Ashley Madison site to pay gov $1.6M after data breach
Toronto — The Toronto-based parent company of the adultery dating site Ashley Madison will pay $1.6 million in settlements following an investigation led by the U.S. Federal Trade Commission into a massive breach of the company’s computer systems and the outing of millions of its members.
Hackers breached the company’s systems in July 2015 and then posted the information online a month later after the company didn’t comply with their demands to shut down Ashley Madison. New York Attorney General Eric Schneiderman said Wednesday that reckless disregard for data security won’t be tolerated.
The investigation found lax data security practices and says the company made several misrepresentations, including a “Trusted Security Award” that appears to have been fabricated.
It also found Ashley Madison created fake female profiles to entice male users.

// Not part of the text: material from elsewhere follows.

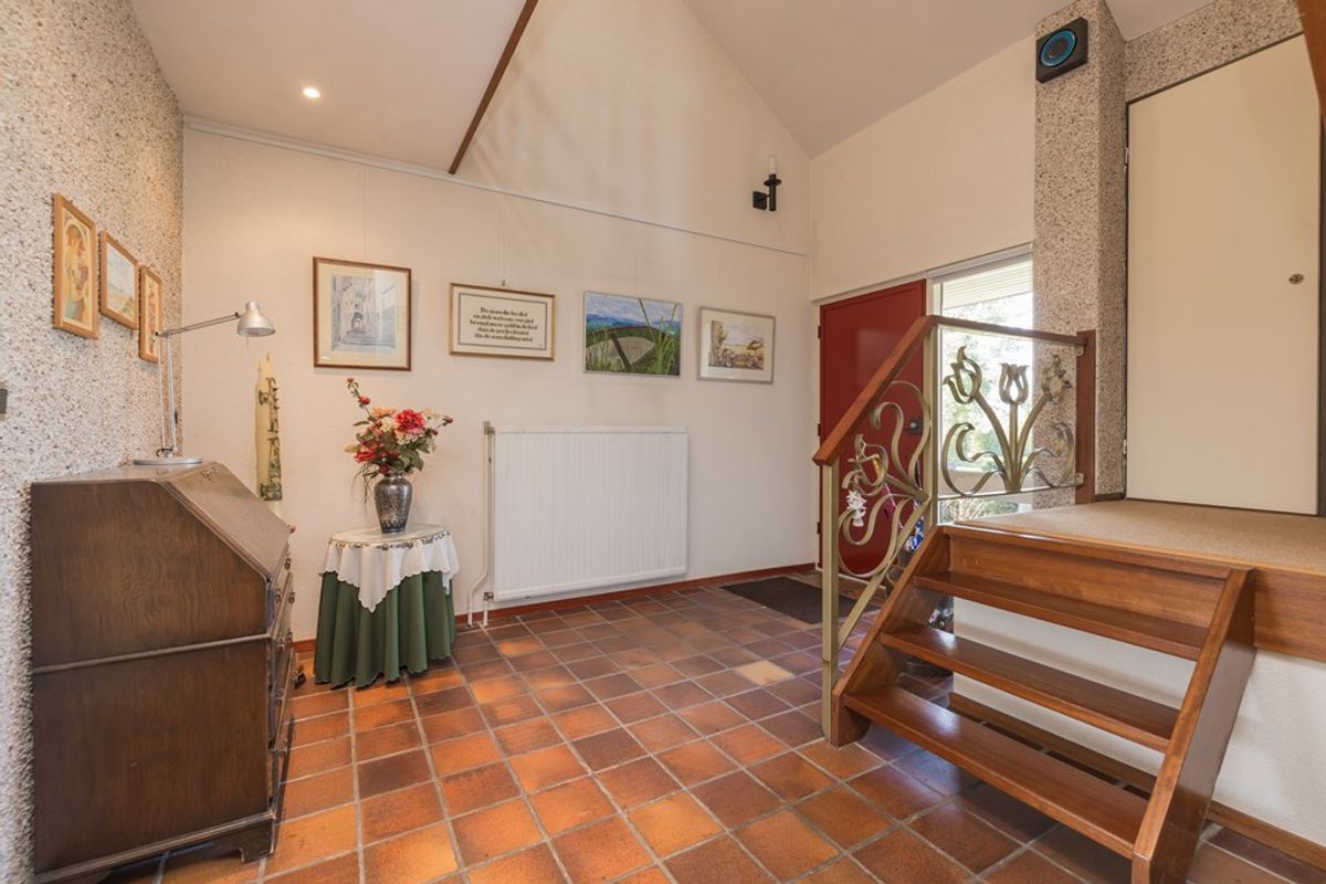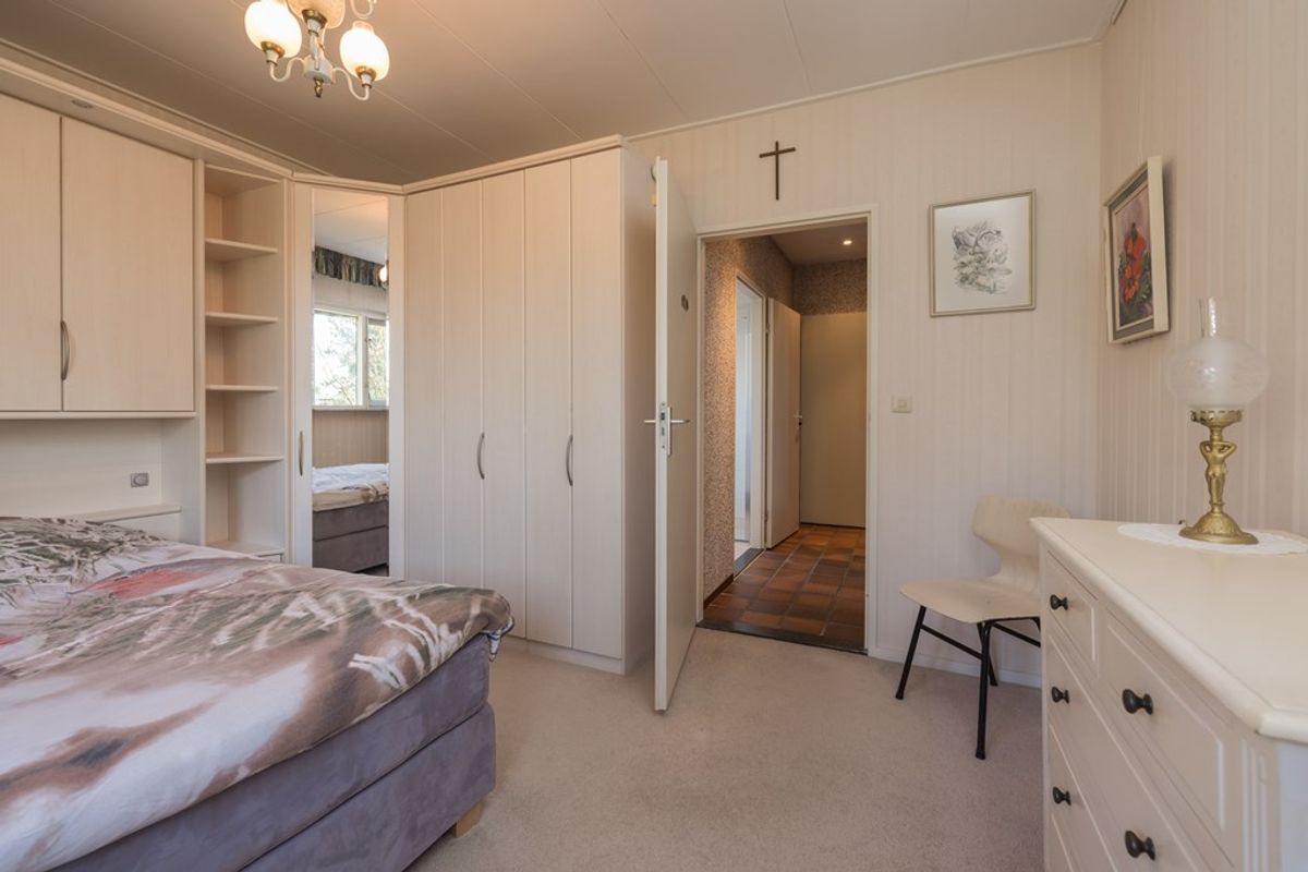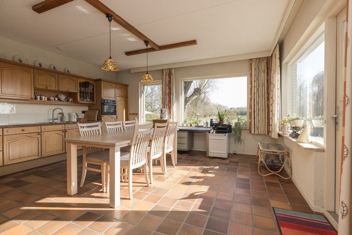 Entree, een ruime hal met de garderobe, de meterkast en de toiletruimte met een wandcloset en een fonteintje. Via de hal is de aan de voorzijde gelegen slaapkamer bereikbaar, deze kamer is voorzien van dubbele beglazing en horren. De moderne en in een grijze kleur betegelde badkamer heeft een douchecabine, een wandcloset, een wastafelmeubel, een spiegelkast en vloerverwarming. Via de hal komt u in de meer dan riante woonkamer met een plavuizenvloer, een houtkachel en een convectorput aan de voor- en aan de achterzijde. De schuifpui biedt toegang tot het zonneterras en biedt een fantastisch weids uitzicht over de grasweide. Via de woonkamer is de riante woonkeuken te bereiken met diverse inbouwapparatuur zoals een inductiekookplaat met afzuigkap, een dubbele spoelbak, een vaatwasser, een koelkast, een combimagnetron en een stenen aanrechtblad. Via de keuken is de bijkeuken te bereiken met de opstelling van de wasapparatuur, deze ruimte heeft ook nog een ingebouwde kast, via de bijkeuken is de garage inpandig bereikbaar.
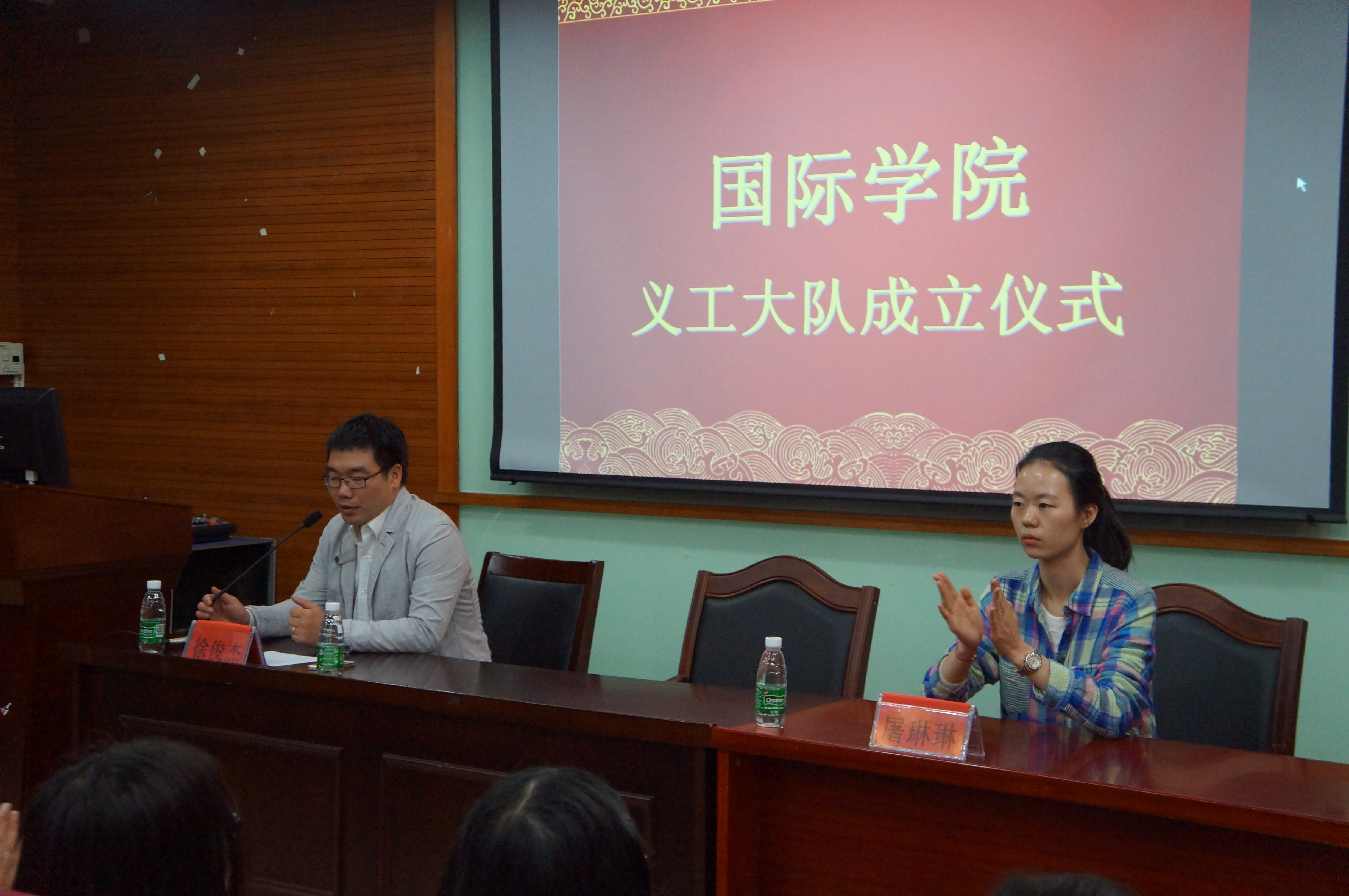 会议第一项议程,主持人介绍了参加此次成立仪式的领导人,讲解了国际学院义工大队的定义。参加此次成立仪式的领导人有:国际学院学工办主任徐俊杰老师,国际学院团委屠玲玲老师,国际学院学生会主席陈梦梦同学以及国际学院学生会副主席雷日江同学。

In some instances, the attorney general said, it used portions of the profile photographs of actual users who had not had account activity within the previous year as the photographs in the fake profiles that it created.
The website — whose slogan was “Life is short. Have an affair” — is marketed to people looking for extramarital relationships. It once purported to have about 39 million members. Husbands and wives across the world were confronted with their partners’ extramarital affairs after the catastrophic leak spewed electronic evidence of infidelity across the Internet. The hacking triggered extortion crimes and led to unconfirmed reports of suicides.
Forums such as Reddit — the user-powered news and discussion site — carried stories of anguished husbands and wives confronting their partners after finding their data among the massive dump of information.
The New York attorney general’s office said the settlement with the company is for $17.5 million but said remainder of the $17.5 million payment is suspended based on ruby Corp.’s inability to pay.
In addition to monetary penalties, the attorney general’s office said ruby Corp. agreed to cease engaging in certain deceptive practices, to not create fake profiles, and to implement a stronger data security program.
“Today’s settlement closes an important chapter on the company’s past and reinforces our commitment to operating with integrity,” Rob Segal, newly appointed CEO of ruby, said in a statement.